When someone gives you a crappy little toy keyboard, what can you do? Sadly plunk on the thing one note at a time? Well yes, but that’s not going to get you on Hackaday. Do what [Turi] did and give that thing a complete overhaul.
[Turi] threw away the original controller board, keeping only the keys, buttons, case, speaker, and a little bit of the original powder yellow enclosure. The Picophonica’s new brain is, you guessed it, a Raspberry Pi Pico. This enables [Turi] to use [Ryo Ishigaki]’s pico_synth_ex synthesizer and introduce MIDI out via USB-C.
The new engine does things that little keyboard could never have dreamed of originally, especially considering it wasn’t even polyphonic. Those fourteen white buttons now control things like sustain, cutoff, LFO rate, decay, and so on. Now it sounds great!
Be sure to check out the brief build video after the break. Excluding drums, the soundtrack was made entirely on the Picophonica.
Of course, Picos aren’t just good for musical keyboards. Use one to convert an old proprietary keyboard to PS/2, or create your own.
Wow!
Considering the low price of the Pico, the keyboard could have been designed around that, and not raised the retail price very much.
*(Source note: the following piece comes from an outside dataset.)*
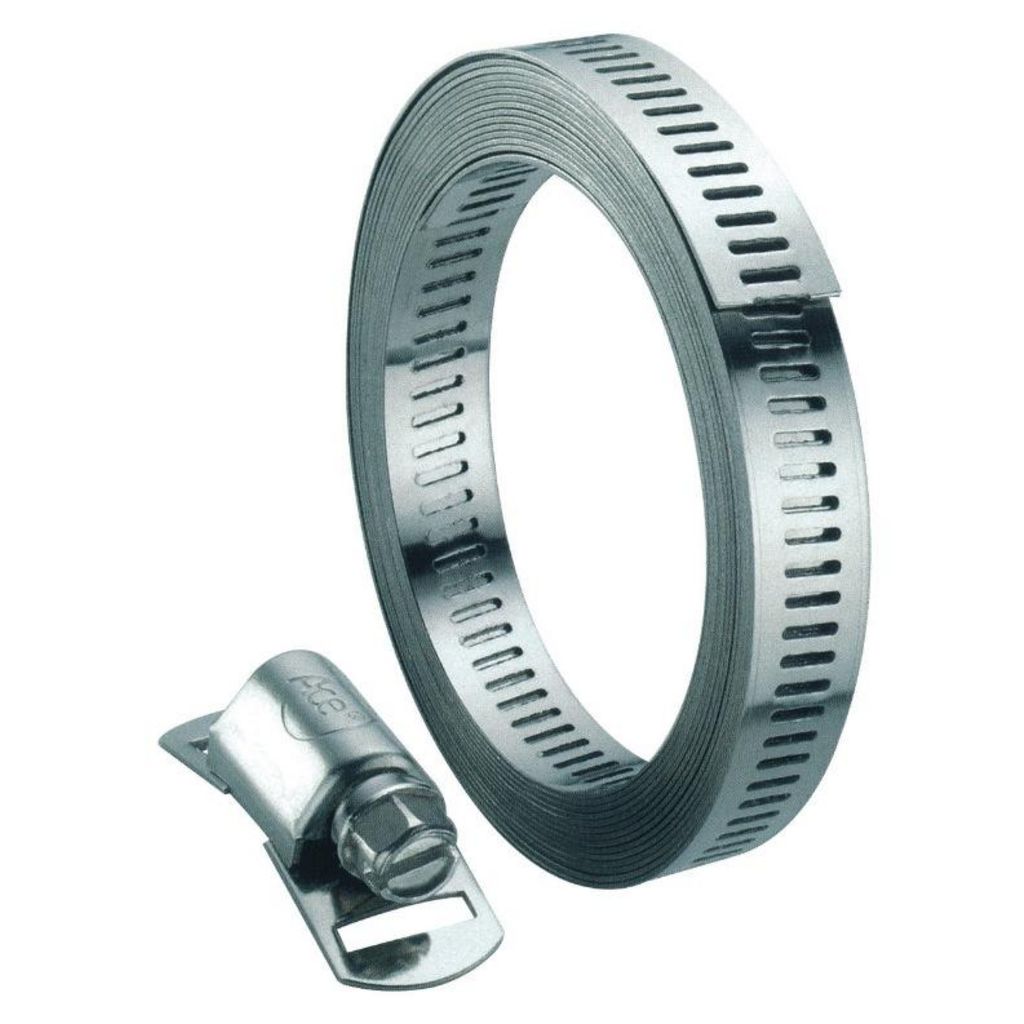Collier de serrage extra long : Bande 3 mètres - 100% inox W4 - Largeur 14 mm - Avec 6 têtes.Bande métallique ajourée de 3 mètres, livrée avec plusieurs têtes.Permet de réaliser des colliers de serrage de la longueur voulue.

Considering the final color, [turi] could have called it “Pinkopicophonica”.
B^)
What is it with Barbie this year?
Its not polyphonic or not at least playable poliphonically.
Where are the key matrix diodes?
I, too, wonder how the key matrix is set up, and where the diodes (if any) are, but the creator demonstrates some polyphony in the video and also confirms that it’s now possible in the YouTube comments.
The github page says “I am not including a schematic since it would only be pertinent to my specific keyboard”, which is fair, but disappointing. I mean, it’s not “Fermat’s Last Theorem” level of disappointing, but still too bad.
It will work to some extent but if you press any 3 corners of a rectangle in the matrix the 4th corner will ghost.
Just like online dating. If you’re chatting with more than 3 people at a time, some ghosting will very likely occur with the 4th one.
That sentence you mentioned continues with “Connect each row and column of your keyboard matrix to a GPIO pin, and define it in config.h.”.
This specific matrix is 8 columns x 5 rows. If you’re looking for a keyboard design for full polyphony, look at this older toy synth I made: https://github.com/TuriSc/TS-DET1
The synth is tetraphonic, but can be configured to play more than four notes at the same time.
Had I had to create a keyboard from scratch, I would have surely added diodes, but for this upcycling project I didn’t think replacing the keybed PCB was worth the effort.